Si j'exploite 10 organisations extrémistes, elles ont des cendres de maïs, mais je vais les laisser voter en avril”, il y a Dites à Oluri.
Existe-t-il une autre option sur la façon d'interpréter ces énoncés?
Dukagjin Gorani dit qu'il y a une deuxième option, qui lui donne cette façon:
Il y a aussi une deuxième option, ces déclarations avec une rhétorique fausse, électorale, vide et des positions publiques officielles. Si c'est le deuxième, alors ces deux personnes, chacune dans son propre domaine d'activité, étaient censées convaincre les électeurs et la population de ne pas les prendre au sérieux. Même maintenant, beaucoup de gens au Kosovo ne savent pas combien prendre au sérieux notre premier ministre et le président d'un pays. Dans les pays des Balkans, cependant, vous ne savez pas si vous devez prendre au sérieux un homme qui a la position la plus importante dans la société. Alors si vous devez le prendre au sérieux, alors ce que vous dites est alarmant”, Gorani a dit.

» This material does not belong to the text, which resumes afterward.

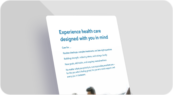 Experience health care designed with you in mind Care for … Routine checkups, complex treatments, and late-night questions Building strength, reducing stress, and raising a family New goals, old habits, and ongoing mental wellness No matter what your priority is, ours is providing excellent care — for the you who’s feeling great, the you who needs support, and every you in between.

Là où la rhétorique se termine exactement, même un tel comportement signifie la formalité d'une certaine alarme, où exactement ce que vous voulez est vrai, sérieux et surtout responsable. Quand la détérioration éclate, nous arrivons à une nuit ce qui est ce soir, ce soir nous avons deux déclarations des deux chefs d'État qui donnent l'impression que leurs sociétés sont si proches d'un conflit armé”, a déclaré Gorani.
En ce qui concerne le communiqué QUINT, le Premier ministre Kurti a dit que c'était assez difficile, mais que s'il devait prendre une décision différente de celle qu'il avait prise pour les élections serbes, il devrait se poursuivre lui-même.
“Il vaut mieux que je fasse l'objet de vives critiques, mais que la constitutionnalité et la souveraineté du pays ne soient pas violées que je n'accepte des dossiers parallèles et que le citoyen Albin Kurti poursuive le Premier ministre Albin Kurti pour avoir enfreint la loi au Kosovo, a déclaré le Premier ministre hier soir.Le périscope.